In your specific use case, if you want the enumerated items as a comma separated list inserted in running text rather than an enumeration, you can use the \seq_use:Nnnn macro to do that. This is a very nice macro which takes a sequence and then 3 arguments corresponding to the elements you want between 2, more than two, and the final 2 elements.

\documentclass{article}
\ExplSyntaxOn
\seq_new:N \l_denis_shuffle_questions_seq
\NewDocumentCommand{\shuffleitems}{m}{
    \seq_set_from_clist:Nn \l_denis_shuffle_questions_seq {#1}
    \seq_shuffle:N \l_denis_shuffle_questions_seq
    \seq_use:Nnnn \l_denis_shuffle_questions_seq {~and~}{,~}{,~and~}
}

\ExplSyntaxOff
\begin{document}
The \shuffleitems{pigs, cows,rabbits,gnus} all live in perfect harmony.
\end{document}

possible output of second example

6
  • Your solution is very elegant. Will test it more extensively. But thanks a lot for the very nice solution.
    – Denis
    Commented Nov 19, 2023 at 20:35
  • @Denis I've added a version that is closer to your actual use case.
    – Alan Munn
    Commented Nov 19, 2023 at 20:47
  • I can't help thinking TeX is not the easiest solution!
    – cfr
    Commented Nov 20, 2023 at 2:30
  • @cfr I don't know, this is pretty simple!
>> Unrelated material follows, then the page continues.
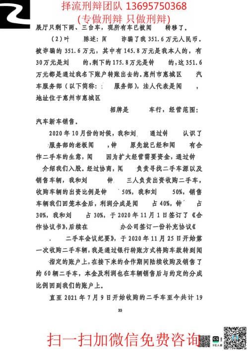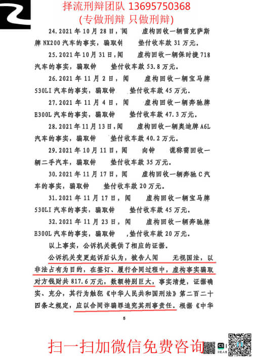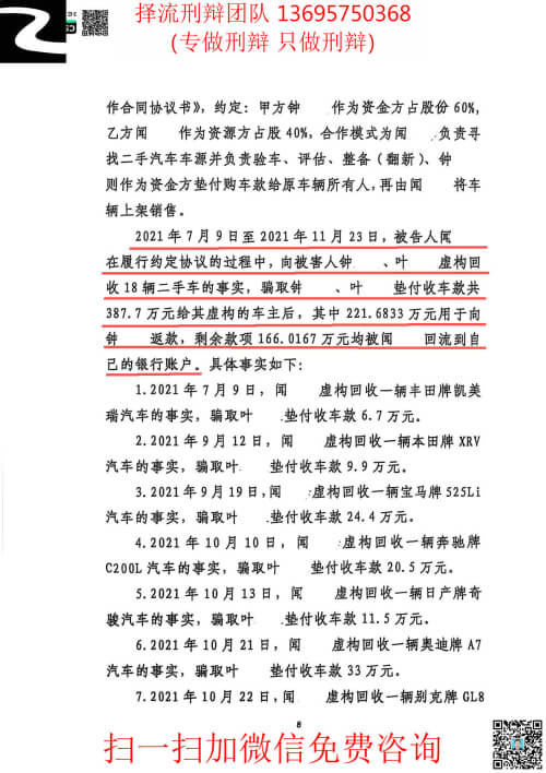 闻某某涉嫌合同诈骗817.6万元。经辩护,法院采纳辩护人意见,只认定闻某某合同诈骗166.0167万元。

It would definitely depend on the use case. I have a problem set that randomizes 5 macros using lua code, and it's more complicated than this. So much so that I'll probably rewrite it using this method. But I'm not going to have TeX randomize my experimental stimuli... :)
    – Alan Munn
    Commented Nov 20, 2023 at 2:42
  • I suppose it's just that I've never done it this way. It seems a lot of bother, I guess.
    – cfr
    Commented Nov 20, 2023 at 2:49
1

A way using knitr:

MWE

MWE.Rnw (Rstudio) or MWE.Rtex (Overleaf):

\documentclass{article}
\begin{document}
<<echo=F,>>=
v <- c("pigs","cows","rabbits","gnus")
@
\begin{itemize} 
\item I have \Sexpr{combine_words(sample(v))}
\item You have \Sexpr{combine_words(sample(v))}
\item He has \Sexpr{combine_words(sample(v))}
\item We have  
<<foo, echo=F,results='asis'>>=
cat("\\begin{itemize}\\item ")
cat(sample(v), sep="\n\\item ")
cat("\\end{itemize} ")
@
\item They have  
<<morefoo, echo=F,results='asis'>>=
<<foo>>
@
\end{itemize} 
\end{document}
1
  • Also nice using a different path. Thanks for this.